> Aim of the task:
Look through the data below and extract, unchanged, the lines from the one that contains "বদরুল ইসলাম বিপ্লব, ঠাকুরগাঁও" to the one that contains "Acest cub temporizator", both included.

> Task inputs:
———
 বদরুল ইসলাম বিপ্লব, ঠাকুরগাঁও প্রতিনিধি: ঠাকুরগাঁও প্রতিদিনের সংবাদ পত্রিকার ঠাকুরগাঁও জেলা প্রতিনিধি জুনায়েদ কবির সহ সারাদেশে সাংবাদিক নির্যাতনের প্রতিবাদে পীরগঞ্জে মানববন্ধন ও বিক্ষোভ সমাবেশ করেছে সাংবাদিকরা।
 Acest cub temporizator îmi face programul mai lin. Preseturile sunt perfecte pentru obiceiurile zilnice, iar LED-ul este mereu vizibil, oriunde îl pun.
———
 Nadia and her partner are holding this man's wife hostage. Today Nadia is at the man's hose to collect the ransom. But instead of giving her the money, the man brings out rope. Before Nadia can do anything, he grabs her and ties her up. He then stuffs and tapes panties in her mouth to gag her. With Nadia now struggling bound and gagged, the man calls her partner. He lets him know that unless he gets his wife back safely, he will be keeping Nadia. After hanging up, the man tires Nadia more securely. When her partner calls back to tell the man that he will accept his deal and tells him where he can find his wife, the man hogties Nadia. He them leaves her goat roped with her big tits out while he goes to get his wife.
———
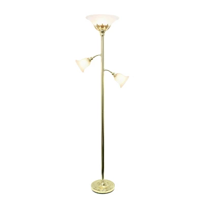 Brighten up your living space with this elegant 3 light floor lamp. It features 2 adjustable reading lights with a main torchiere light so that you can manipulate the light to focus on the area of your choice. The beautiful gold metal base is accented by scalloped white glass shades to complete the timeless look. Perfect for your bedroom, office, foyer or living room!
———
> Response to the exercise:
 বদরুল ইসলাম বিপ্লব, ঠাকুরগাঁও প্রতিনিধি: ঠাকুরগাঁও প্রতিদিনের সংবাদ পত্রিকার ঠাকুরগাঁও জেলা প্রতিনিধি জুনায়েদ কবির সহ সারাদেশে সাংবাদিক নির্যাতনের প্রতিবাদে পীরগঞ্জে মানববন্ধন ও বিক্ষোভ সমাবেশ করেছে সাংবাদিকরা।
 Acest cub temporizator îmi face programul mai lin. Preseturile sunt perfecte pentru obiceiurile zilnice, iar LED-ul este mereu vizibil, oriunde îl pun.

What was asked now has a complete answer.